▶ [Required work]
The answer must repeat every record exactly, with no pictures in it.

▶ [Records shown]
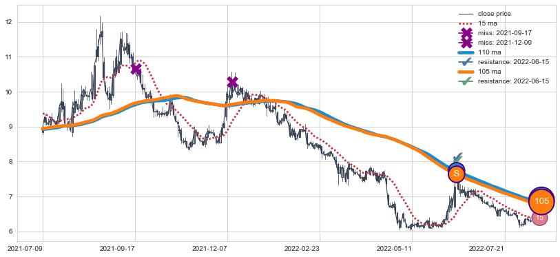 下跌趋势2021-07-09-2022-08-10,均线105, 110确认关键阻力1处
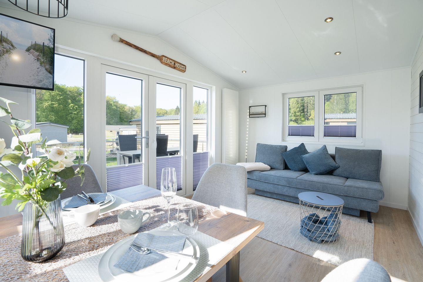 in unserem modernen 2022 erbauten 3-Zimmer-Ferienhaus mit einer Wohnfläche von 40 qm und einer teilweise überdachten großen Terrasse mit 15 qm.
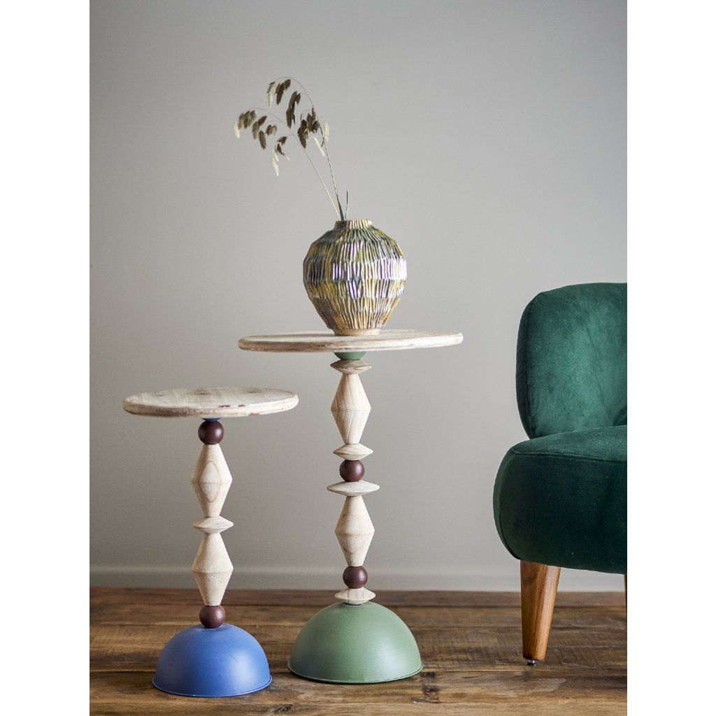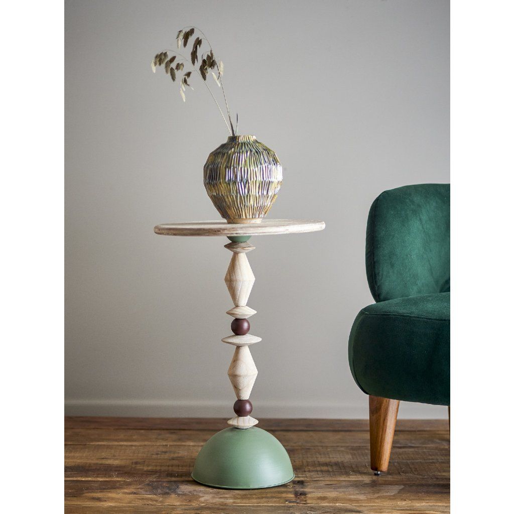 Designový odkládací stolek MANNELLI od dánské značky stylového nábytku BLOOMINGVILLE. Stolek zaujme svým osobitým a dekorativním vzhledem. Stolek tvoří kulatá deska o průměru 40 cm. Je vyroben z jedlového dřeva a železa a jeho design stojí na výrazné podstavcové konstrukci. Zelené provedení s patinovaným běleným efektem spolu s jemnými geometrickými detaily dodává stolku originalitu, hloubku a lehce rustikální charakter. Díky použití přírodních materiálů se mohou jednotlivé kusy mírně lišit barevností, což podtrhuje jejich jedinečnost.
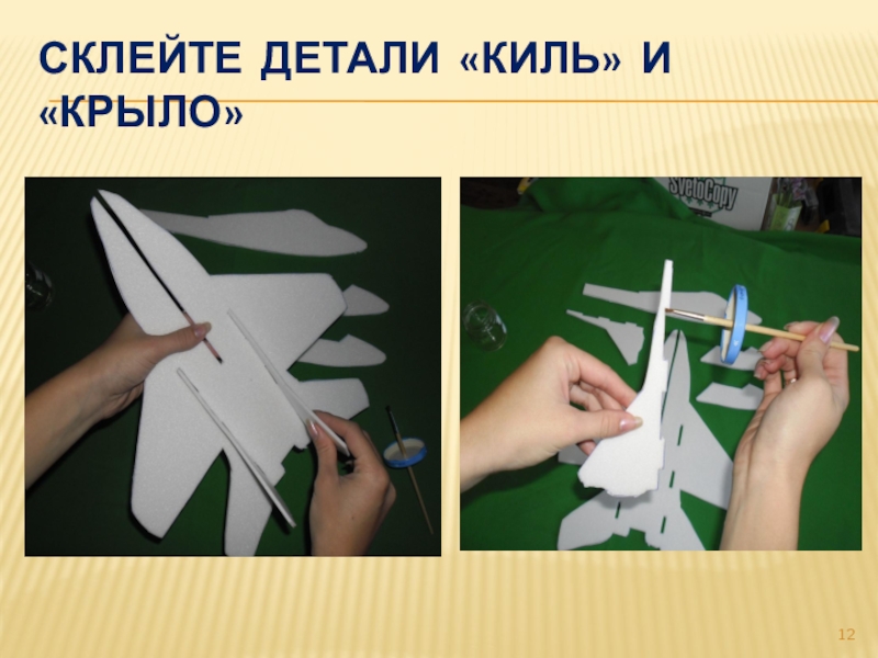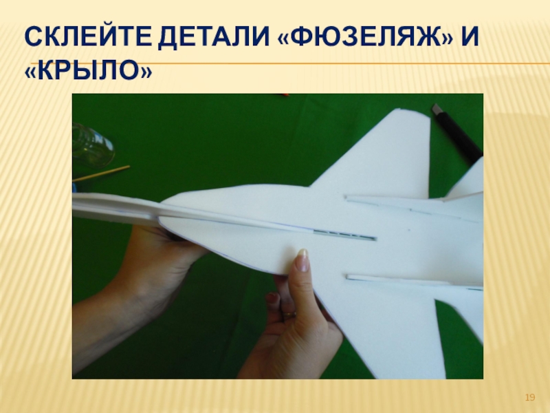 Слайд 19Склейте детали «фюзеляж» и «крыло»
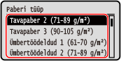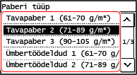 Valige registreeritav paberitüüp ja vajutage
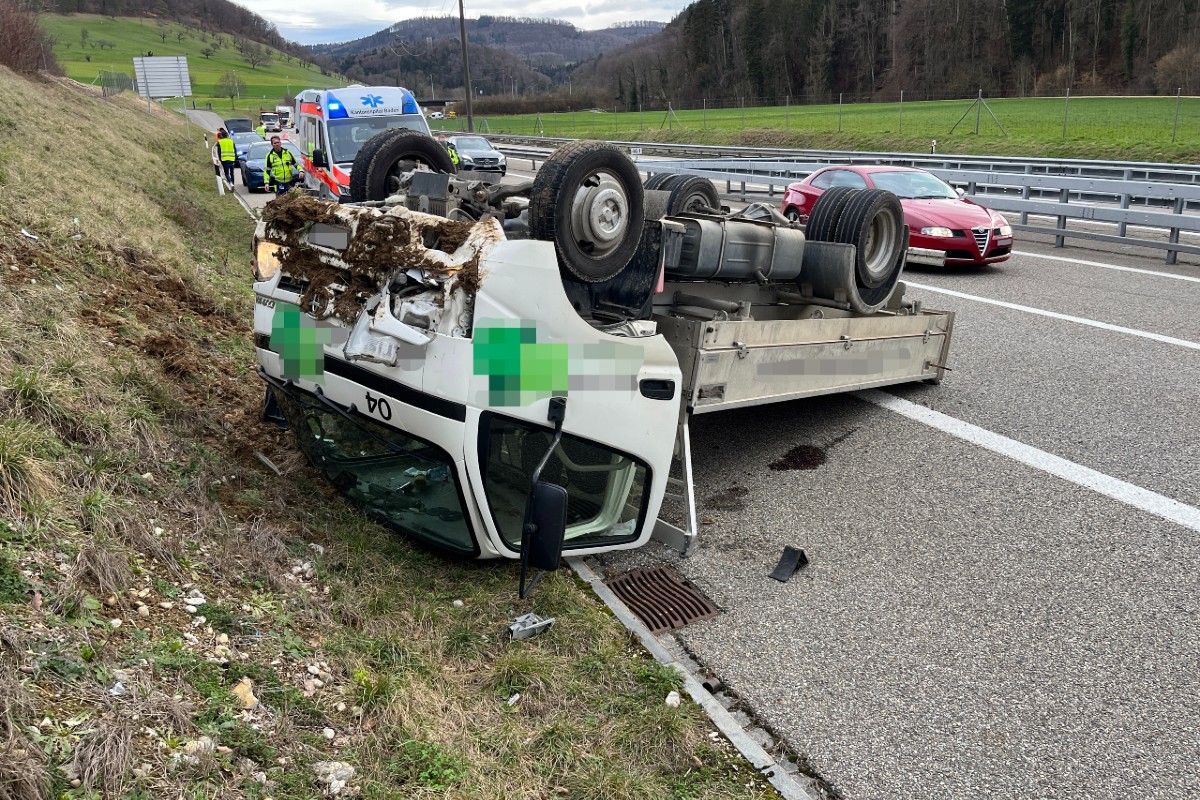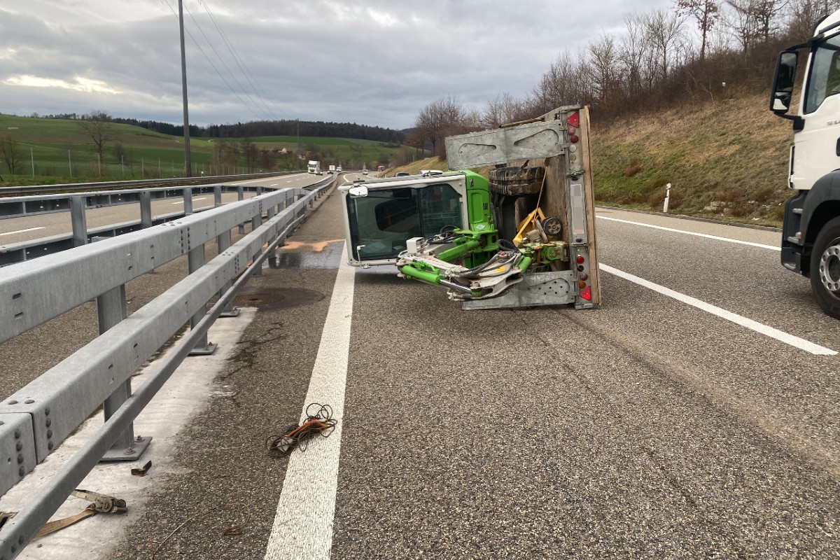 Auf der A3 in Fahrtrichtung Basel kam ein Anhänger eines Lieferwagens ins Schleudern und überschlug sich. Es wurde niemand verletzt.
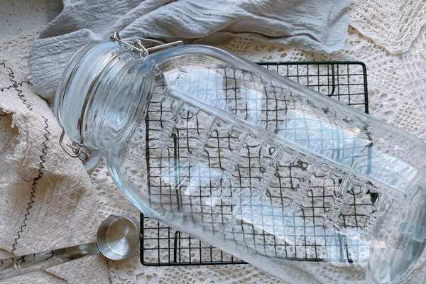 5、鋪好之後,加入準備好的白酒,白酒用的是糧食燒酒,清香型的小麥燒,這樣不會掩蓋掉桑葚果實的香味,白酒要沒過冰糖,一般到玻璃罐的8分滿就可以瞭;

▶ [Answer to this problem]
 下跌趋势2021-07-09-2022-08-10,均线105, 110确认关键阻力1处
 in unserem modernen 2022 erbauten 3-Zimmer-Ferienhaus mit einer Wohnfläche von 40 qm und einer teilweise überdachten großen Terrasse mit 15 qm.
 Designový odkládací stolek MANNELLI od dánské značky stylového nábytku BLOOMINGVILLE. Stolek zaujme svým osobitým a dekorativním vzhledem. Stolek tvoří kulatá deska o průměru 40 cm. Je vyroben z jedlového dřeva a železa a jeho design stojí na výrazné podstavcové konstrukci. Zelené provedení s patinovaným běleným efektem spolu s jemnými geometrickými detaily dodává stolku originalitu, hloubku a lehce rustikální charakter. Díky použití přírodních materiálů se mohou jednotlivé kusy mírně lišit barevností, což podtrhuje jejich jedinečnost.
 Слайд 19Склейте детали «фюзеляж» и «крыло»
 Valige registreeritav paberitüüp ja vajutage
 Auf der A3 in Fahrtrichtung Basel kam ein Anhänger eines Lieferwagens ins Schleudern und überschlug sich. Es wurde niemand verletzt.
 5、鋪好之後,加入準備好的白酒,白酒用的是糧食燒酒,清香型的小麥燒,這樣不會掩蓋掉桑葚果實的香味,白酒要沒過冰糖,一般到玻璃罐的8分滿就可以瞭;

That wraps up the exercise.